Not that it is a bad album, it is pretty good in its groovy thrash kind of style. Compared with the likes of Pantera, Machine Head, Sepultura, and more like that, it means a groovy and catchy powerful style of metal. The vocalist growls, the songs are pretty catchy, the production is fine and modern, the vocalist is good. Overall it is fine craftsmanship, but the work is derivative and lacks imagination. That can certainly be a problem if you want to wow people with what you are doing, derivative works can never be as exciting as original ones.

And while this album is more than fine to listen to, I like it now that it spins in my player while I write these words. But it isn’t really an album that makes me want to listen, just having as background is fine but really sitting down and just listening is another matter, and not as fine. The issue I have is that it feels kind of pointless, like so much in this world it is just repetitions of what others have done and it doesn’t even feel like they try to make anything imaginative or fresh. But with such a strong craftsmanship it is not really possible to be too hard on them either, the songs are all good and there are no major weaknesses.

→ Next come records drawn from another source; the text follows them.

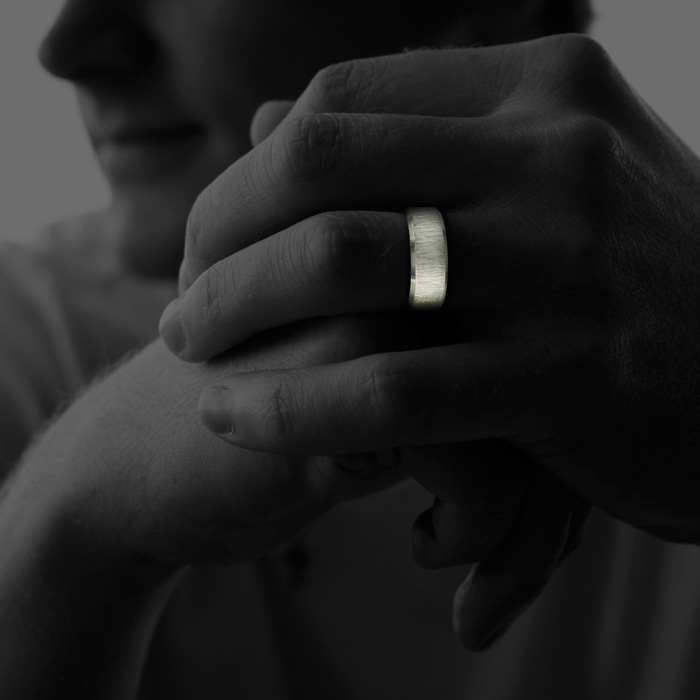this ring is perfect for a man who uses his hands alot or work. scratches are hidden if they occur. its also a very beautiful ring. love it--t.r.t..
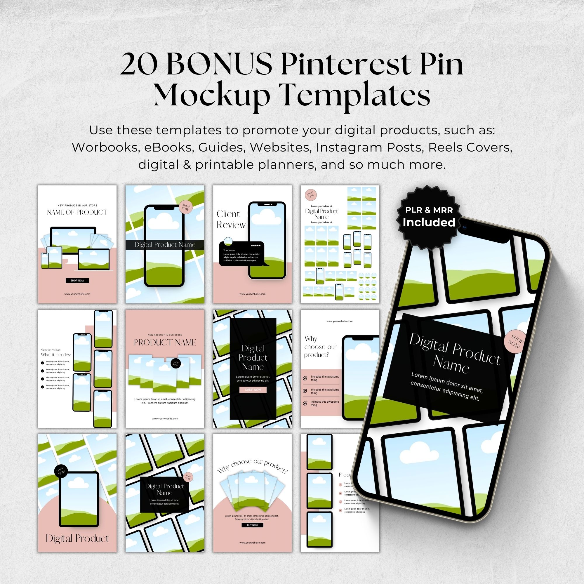 You will also receive 20 BONUS Pinterest Pin Mockup Templates, making it easy to promote your digital products and attract traffic to your website, Etsy shop, or social media.
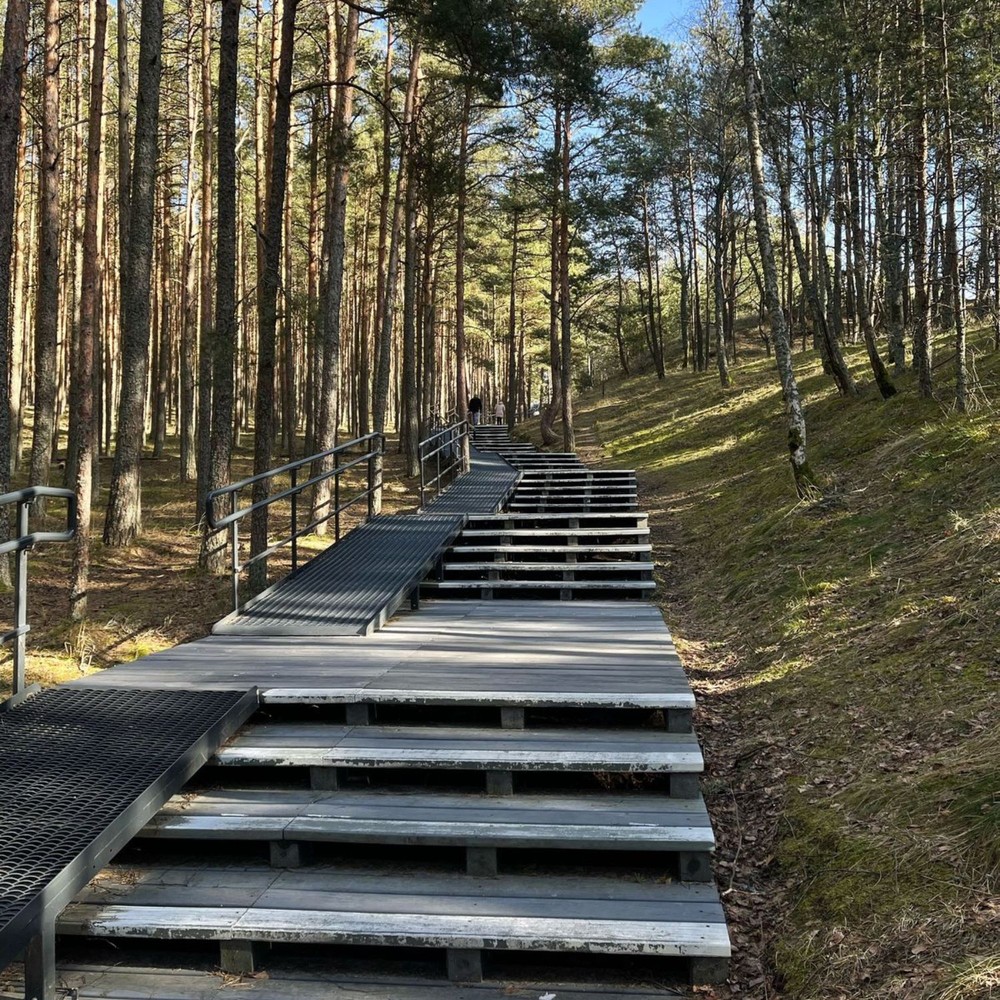 Высота Эфа (40 мин) — самая высокая дюна Куршской косы (до 50 м). Вы подниметесь по песчаному склону и словно попадёте в миниатюрную пустыню. С вершины открывается вид на Балтийское море и бескрайние леса.
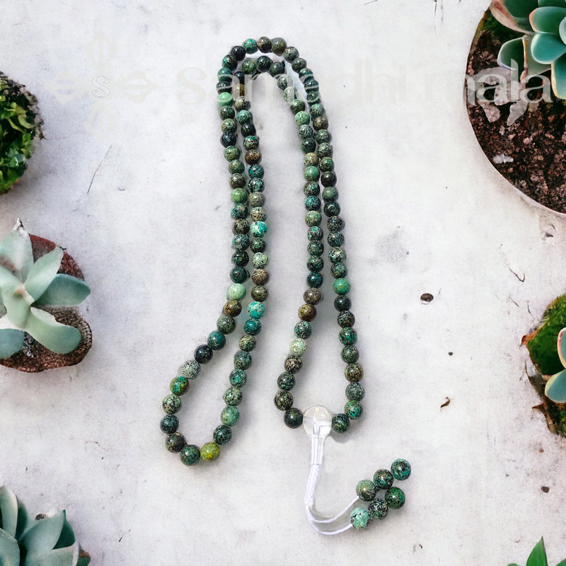 108 szemes valódi türkiz ásvány mala hegyikristály guruszemmel. A szemek átmérője normál méretű, 8 mm-es. Csúszócsomós kialakítás, így állítható a szemek távolsága és a mala mérete.

This would have been great twenty years ago as a sequel to the debut, but they would have needed to evolve quite a bit to feel relevant today. There are just so much stuff in this genre, in all genres, and if you do it well but don’t stand out you will be forgotten, and that is where I think this album will end up. Fine entertainment for a while and then forgotten, as good as it is it isn’t exciting or fresh enough to stand out.